Heavy Metal Poisoning¶
Chapter 469 | Part 14: Poisoning, Drug Overdose, and Envenomation
KEY CLINICAL POINTS¶
- Heavy metals (arsenic, lead, mercury, cadmium) are among the top 10 chemicals of highest health concern globally, with significant environmental and occupational exposure risks.
- Chelation therapy (dimercaprol, DMSA, CaEDTA) is critical for acute poisoning, but chronic low-level exposure contributes to cardiovascular disease, hypertension, and neurodevelopmental delays.
- Arsenic exposure is linked to skin, lung, and bladder cancers, while cadmium causes renal failure, osteomalacia, and cardiovascular mortality.

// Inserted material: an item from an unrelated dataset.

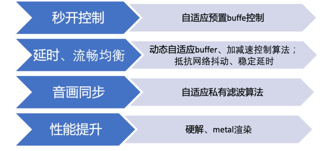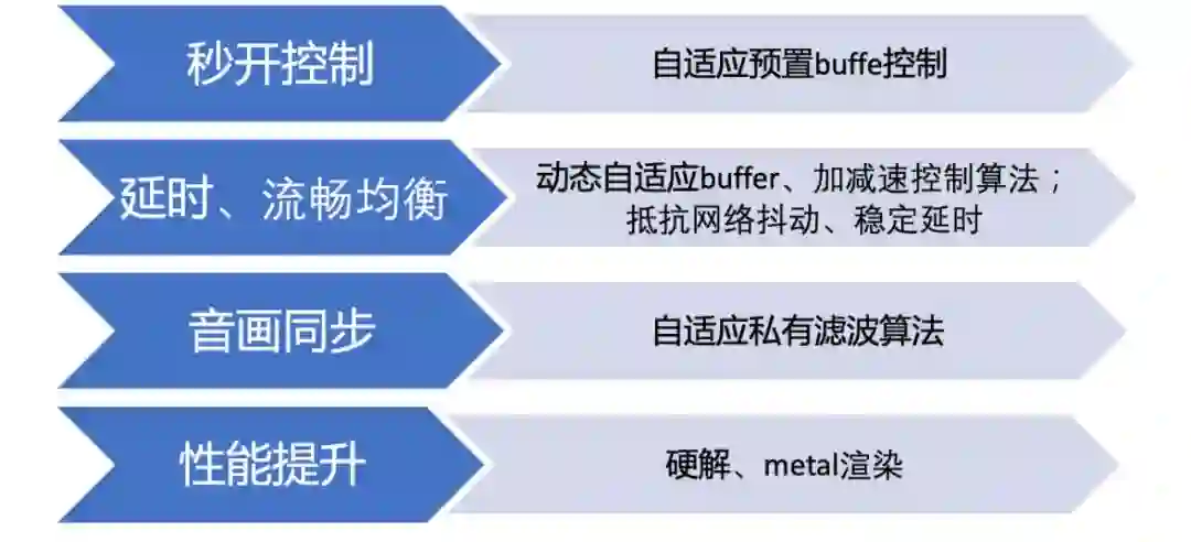 低延时播放器通过定制优化后的neteq,抵抗网络的抖动、丢包等问题,显著提升弱网情况下的用户体验,通过滤波后的音画同步方案,保证在音视频快速加减速同时又能保证用户的体验。

- Lead toxicity in children causes neurodevelopmental delays, and maternal bone lead levels predict lower birth weight and neurodevelopmental deficits.
- Mercury poisoning (organic and inorganic) leads to CNS dysfunction, with dimethylmercury being 'supertoxic' and requiring immediate chelation.
1. DEFINITION & OVERVIEW¶
Heavy metal poisoning refers to toxic effects from exposure to metals such as arsenic, lead, mercury, and cadmium. These metals are classified as xenobiotics with potential toxicity at any exposure level. Chronic low-level exposure contributes to cardiovascular disease, hypertension, and neurodevelopmental disorders. Acute poisoning requires immediate chelation therapy, while chronic exposure necessitates environmental intervention and nutritional support.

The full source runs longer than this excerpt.